From a technical standpoint, the Skyspotter sensor container integrates S-band and X-band radars with detection ranges of approximately 5 km and 7.5 km, respectively, paired with an electro-optical verification package combining daylight and thermal cameras with a laser rangefinder. Automatic acquisition, tracking, and identification functions are designed to work against small targets flying low and slow in cluttered environments, a defining feature of the drone threat observed in Ukraine. Passive emitter locator sensors can be added to detect and geolocate drone control links without emitting radar energy, improving survivability against counterfire.

Operational relevance comes from how Skyspotter is designed to cue effectors quickly while protecting the operators. Rheinmetall demonstrated an architecture combining Skyspotter, dislocated passive sensors, and a dedicated command and control shelter positioned at a safe distance from emitting elements. This reflects battlefield lessons from Ukraine, where counter-drone teams quickly become high-value targets and must rely on dispersion, concealment, and rapid relocation to survive.

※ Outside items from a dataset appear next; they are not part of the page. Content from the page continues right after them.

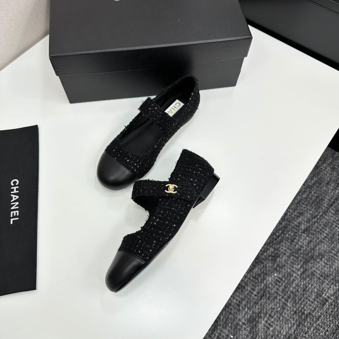 CC25 Mary Janes Black Tweed And Cowhide 352507
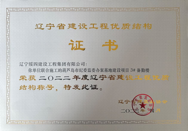 葫蘆島市紀委監(jiān)委辦案基地建設項目 3# 備勤樓榮獲2022年度遼寧省建設工程優(yōu)質(zhì)結構稱號
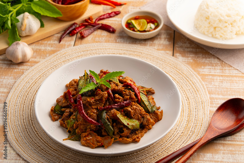 Stir fried sliced Beef with dry chilli and Holy Basil in white plate.Thai famous food (pad kra pao prik hang).
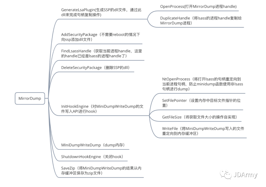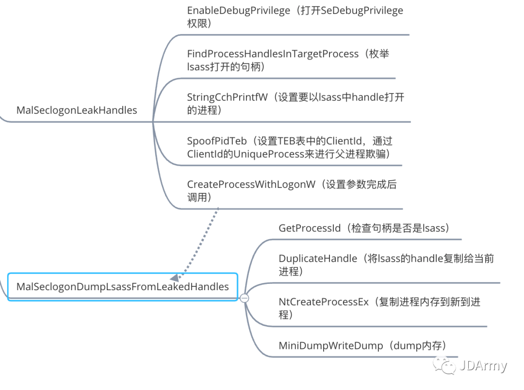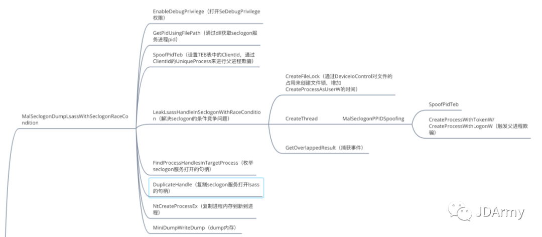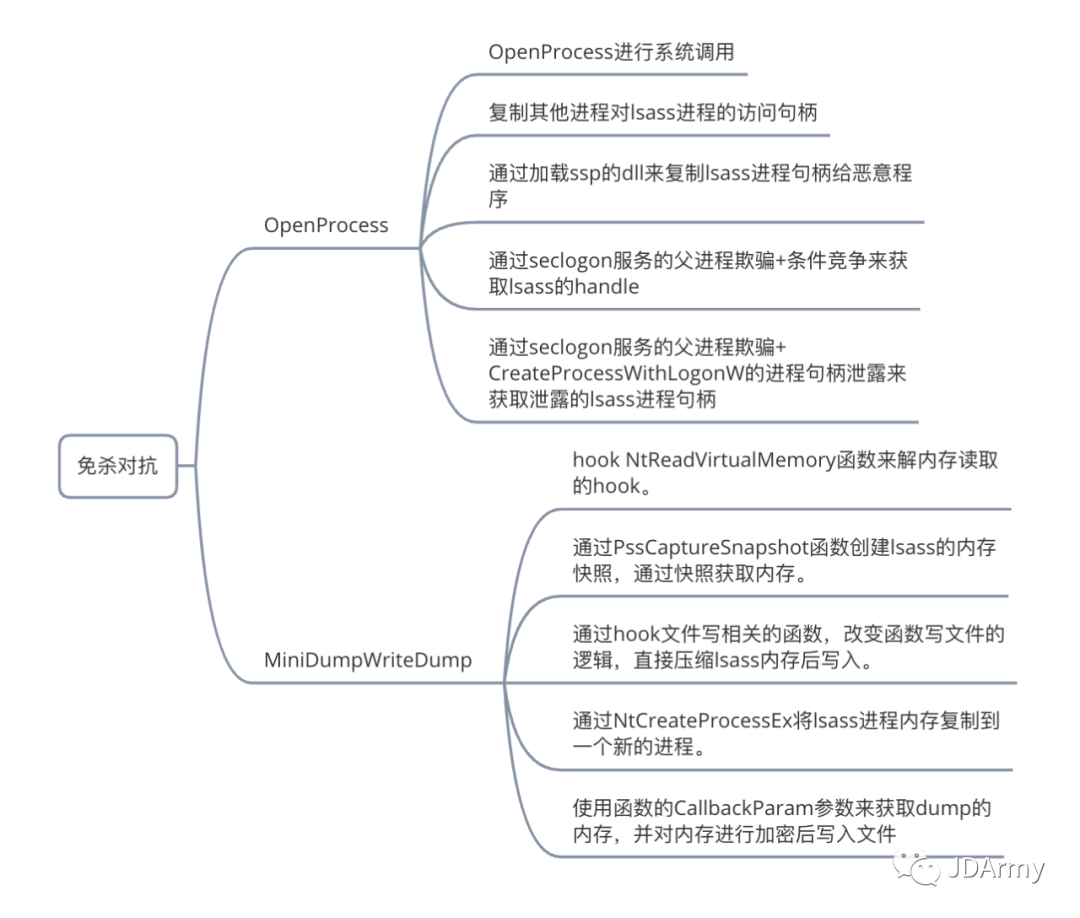 了解了上述的相关技术后,我们重新来看下dump lsass技术的关键步骤。
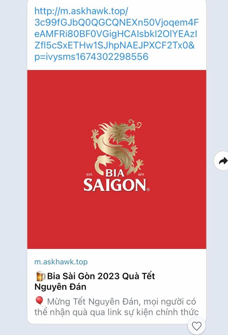 Dịp Tết Nguyên đán Quý Mão 2023 đã xuất hiện chiêu thức lừa đảo hết sức tinh vi bằng cách mạo danh hình ảnh Bia Sài Gòn để lừa đảo, nhanh chóng phát tán mạnh mẽ qua nền tảng mạng xã hội Zalo và Messenger.
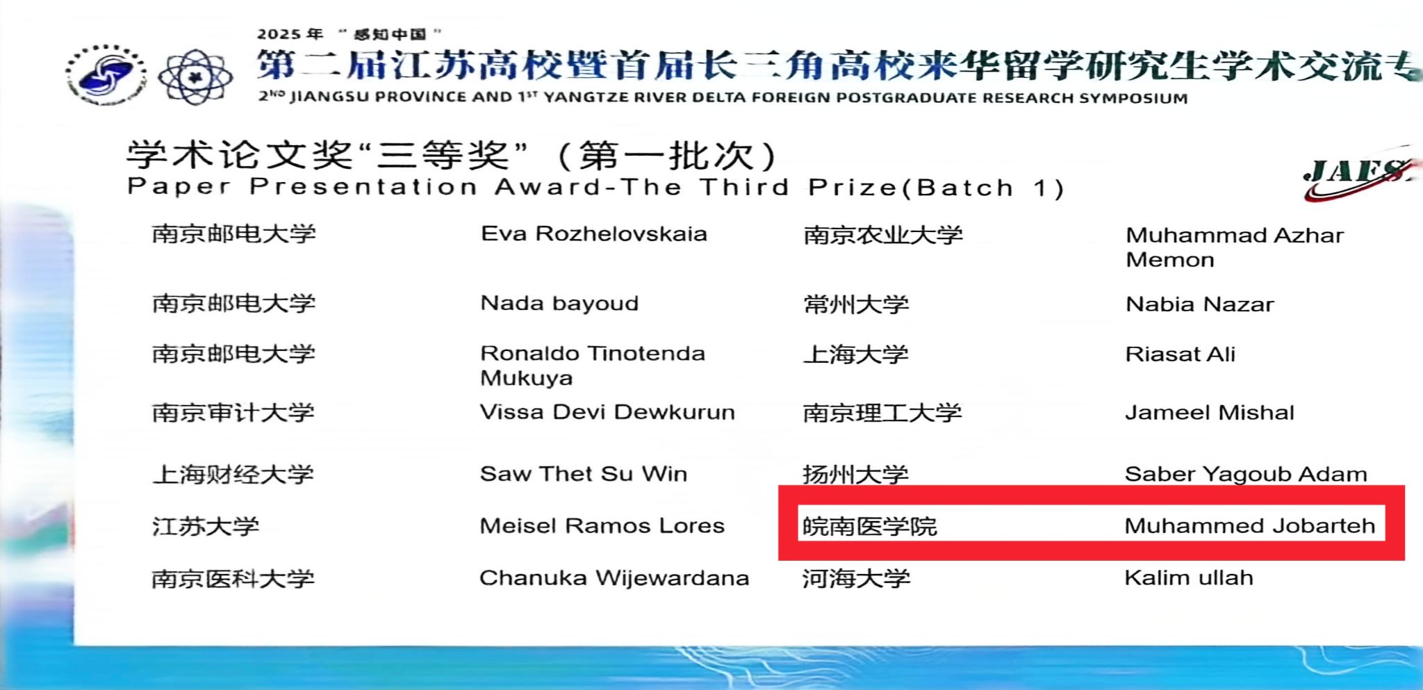 此次获奖不仅是对国际学生个人能力的认可,更是我校国际教育成果与教师团队指导水平的生动体现。未来,我校将继续加强国际学生培养工作,进一步完善教师指导机制,搭建更多学术交流平台,鼓励国际学生与指导老师深度协作,不断提升学校国际教育水平与影响力,为培养更多优秀医学人才贡献力量。(林菁/文、图)
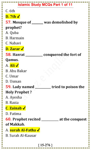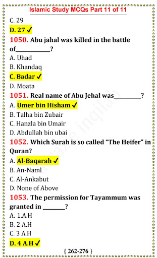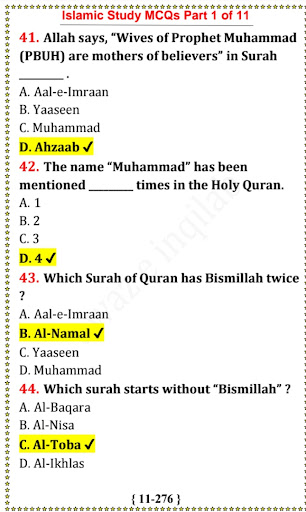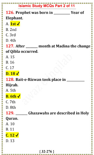 Islamic Studies Mcqs are from the history of Islam, basic Islamic knowledge and beliefs, the life of Prophet Muhammad (PBUH) and his companions (R.A), Quran & Sunnah, Islamic world and practices. most important of Islamic Studies, Islamiat, Islamyat MCQs Notes

A key armament element highlighted during the Finnish demonstration is Rheinmetall’s emphasis on a gun-based hard kill solution built around a 30 mm revolver cannon firing programmable KETF ammunition. This ammunition type ejects a cloud of tungsten subprojectiles in front of the target, creating a lethal cone that significantly increases hit probability against small, agile drones. The kinetic nature of the effect is particularly relevant in the face of mass drone attacks, where reliance on expensive missiles alone is neither sustainable nor affordable.

The Skyranger 30 turret offers a clear benchmark for this approach. Rheinmetall describes an effective engagement range of up to 3,000 meters, a nominal rate of fire of around 1,200 rounds per minute, and more than 250 ready rounds, with options to integrate short-range air defence missiles for layered coverage. Tactically, this allows commanders to combine electronic attack to disrupt drones, gunfire for close-in defeat, and missiles for higher altitude or longer range targets, all within a single integrated system.

Finland’s interest in such capabilities mirrors a wider trend across NATO. The war in Ukraine has shown that drones are no longer niche reconnaissance tools, but mass-produced weapons used for surveillance, strike, and attrition. Western armies are now racing to rebuild short-range air defence and counter UAS layers that were allowed to atrophy after the Cold War. In this context, Rheinmetall’s demonstration was less about showcasing technology and more about proving that a layered, mobile, and affordable counter-drone shield can function under realistic field conditions.

For Western forces, Skyspotter represents an important step toward scalable counter-drone defence. Its combination of containerized sensors, mobile integration, passive detection options, and cost-effective kinetic defeat aligns closely with the harsh lessons emerging from Ukraine. When drones are numerous, persistent, and dangerous, counter-drone systems must be equally numerous, survivable, and economical enough to be used every day of the war.